- Born: c. 1380
- Died: c. 1460 (aged c. 80)
- Burial: Strathblane, Scotland
- Spouse: George Douglas, 1st Earl of Angus James Kennedy of Dunure William Graham of Kincardine William Edmonstone of Duntreath
- Issue: William Douglas, 2nd Earl of Angus John Kennedy Gilbert Kennedy, 1st Lord Kennedy James Kennedy, Bishop of St. Andrews
- House: Stewart
- Father: Robert III of Scotland
- Mother: Annabella Drummond

= Mary Stewart (daughter of Robert III) =

Scottish princess (1380–1460)

Mary Stewart (c. 1380) was a Scottish princess. The third daughter of King Robert III and his wife, Annabella Drummond, she was married four times, most notably to George Douglas, 1st Earl of Angus, with whom she was the progenitor of the so-called Red Douglas bloodline of the Douglas family.

==Life==
Mary was born in c. 1380, the third daughter and fourth child of John Stewart, Earl of Carrick, heir to the Scottish throne, and his wife, Annabella Drummond. The exact year of Mary's birth is unknown. She had not yet been born in 1378, while her first child was born in 1398, suggesting a birth date of c. 1380. Mary's father succeeded her grandfather, Robert II, as King of Scots in 1390, taking the regnal name of Robert III.

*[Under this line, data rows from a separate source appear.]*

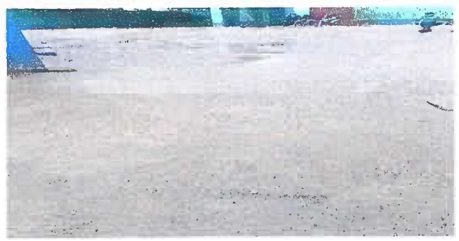
Patio: Reparación de planchas de concreto.
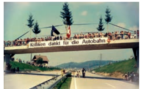
Aufbruch in neue Zeiten: Als die Autobahn noch willkommen war.
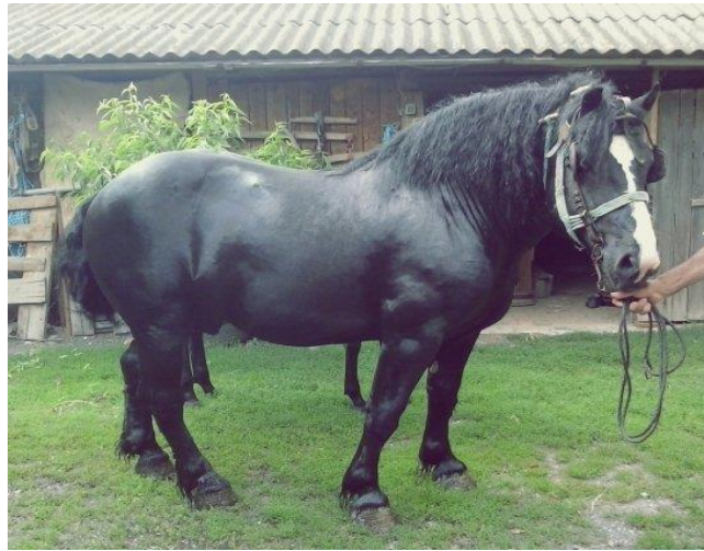
Slika 4. Hrvatski hladnokrvnjak

se smatra da može podići kvalitetu uzgoja, tako da uzgajivači ne mogu samostalno odabrati pastuhe (Uzgojni program hrvatski hladnokrvnjak, 2012.).
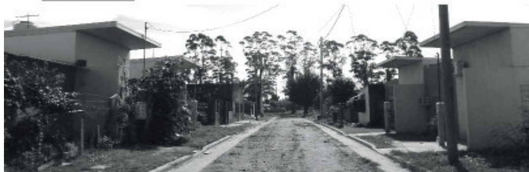
Título: Barrio Coronel Dorrego, Santa Fe. Fuente: elaboración propia según trabajo de campo realizado entre los años 2015-2017, Barrio Coronel Dorrego, Santa Fe.
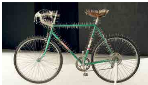
Otis Laubert, Bicykel č. 2, 1992, 115 x 182 x 45 cm
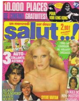
N° 07 – 08/12/1976
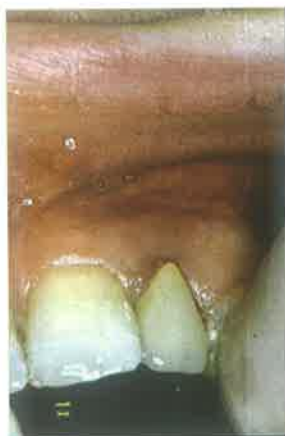
Slika 1. Izgled vestibularne sluznice iznad zuba 22

Ono što je jedinstveno u terapiji upala endodontskog porijekla je da terapiju započinjemo liječenjem endodontskog prostora ili uklanjanjem zuba. To, naravno, ovisi o budućem planu rehabilitacije žvačnog sustava. Uz endodontsko liječenje, po potrebi paralelno ili nakon nekog vremena se provode i zahvati endodontske kirurgije. Standardni koraci su dizajn režnja, fizički
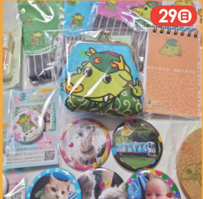
缶バッヂづくりのワークショップとまじりゅうグッズの販売
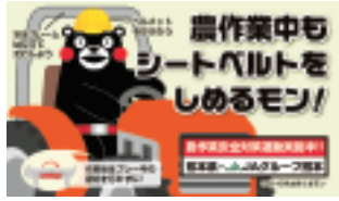
▲農作業安全啓発ステッカー

毎年、県内では10人前後の尊い命が農作業事故で失われています。特に、65歳以上の高齢者による事故

On 24 May 1397, Mary was betrothed to George Douglas, Lord of Angus, at a meeting in Edinburgh between Robert III and George's mother, Margaret, Countess of Angus. The marriage, which was concluded during the summer of 1397, was likely supported by Mary's influential elder brother, David, Earl of Carrick, and her father. Shortly after Mary's marriage, her father recognized her husband's title as Earl of Angus. George was captured at the Battle of Homildon Hill in 1402, and died in England soon afterwards, possibly during an outbreak of bubonic plague. Mary was left as a widow with a young son, William, who succeeded his father as Earl of Angus.

In 1405, Mary married James Kennedy of Dunure, a prominent landowner in the earldom of Carrick. The marriage had political undertones, as Kennedy was influential in Carrick, where Mary's younger brother James had recently been created earl. The couple had certainly been married by January 1406. Mary and James Kennedy had three sons, John, Gilbert, and James, before her second husband was murdered in 1408. As Kennedy's widow, Mary became entitled to a portion of his lands in Carrick, which were valued at £6 in annual income from rents. In 1409, a papal dispensation was given for Mary to marry William Cunningham of Kilmaurs, but the marriage does not appear to have occurred.

Mary married her third husband, William Graham of Kincardine, probably in 1413. Mary had five sons with Graham before the latter died in 1424. In 1425, Mary married her fourth husband, William Edmonstone of Duntreath, with whom she had two children. Mary probably visited the court of her brother, James I, alongside Edmonstone in 1429 to plead for the rights of her eldest son by her second marriage, John Kennedy, to inherit his father's lands in Carrick. Despite Mary's intervention, her son clashed with the king over royal claims to Carrick and was forfeited in 1431.

After the assassination of her brother in 1437, Mary's son by her first marriage, William Douglas, 2nd Earl of Angus, played a key role in the arrest of the conspirators. William died in October 1437 and was succeeded as Earl of Angus by his eldest son, Mary's grandson James. After James' death in 1446, he was succeeded by his younger brother, Mary's other grandson George. Meanwhile, Mary's youngest son by her second marriage, James Kennedy, was elected as Bishop of St. Andrews in 1440, probably with the support of Mary's sister-in-law, Joan Beaufort.

Little is known about Mary's later years. In 1452, her nephew, James II, confirmed her and her fourth husband in their Duntreath lands, near Blanefield. By this time, Mary had become the last surviving child of Robert III after the death of her elder sister, Margaret. Mary was still alive in 1458, when James II granted her lands in Carrick. The date of Mary's death is unknown. Payments were made in her name from the Scottish exchequer as late as 1461. According to the later historian David Hume of Godscroft, Mary's grandson, George, Earl of Angus, used his royal descent to claim the right to crown Mary's great-nephew, James III, at Kelso Abbey in 1460. Mary was buried at Strathblane.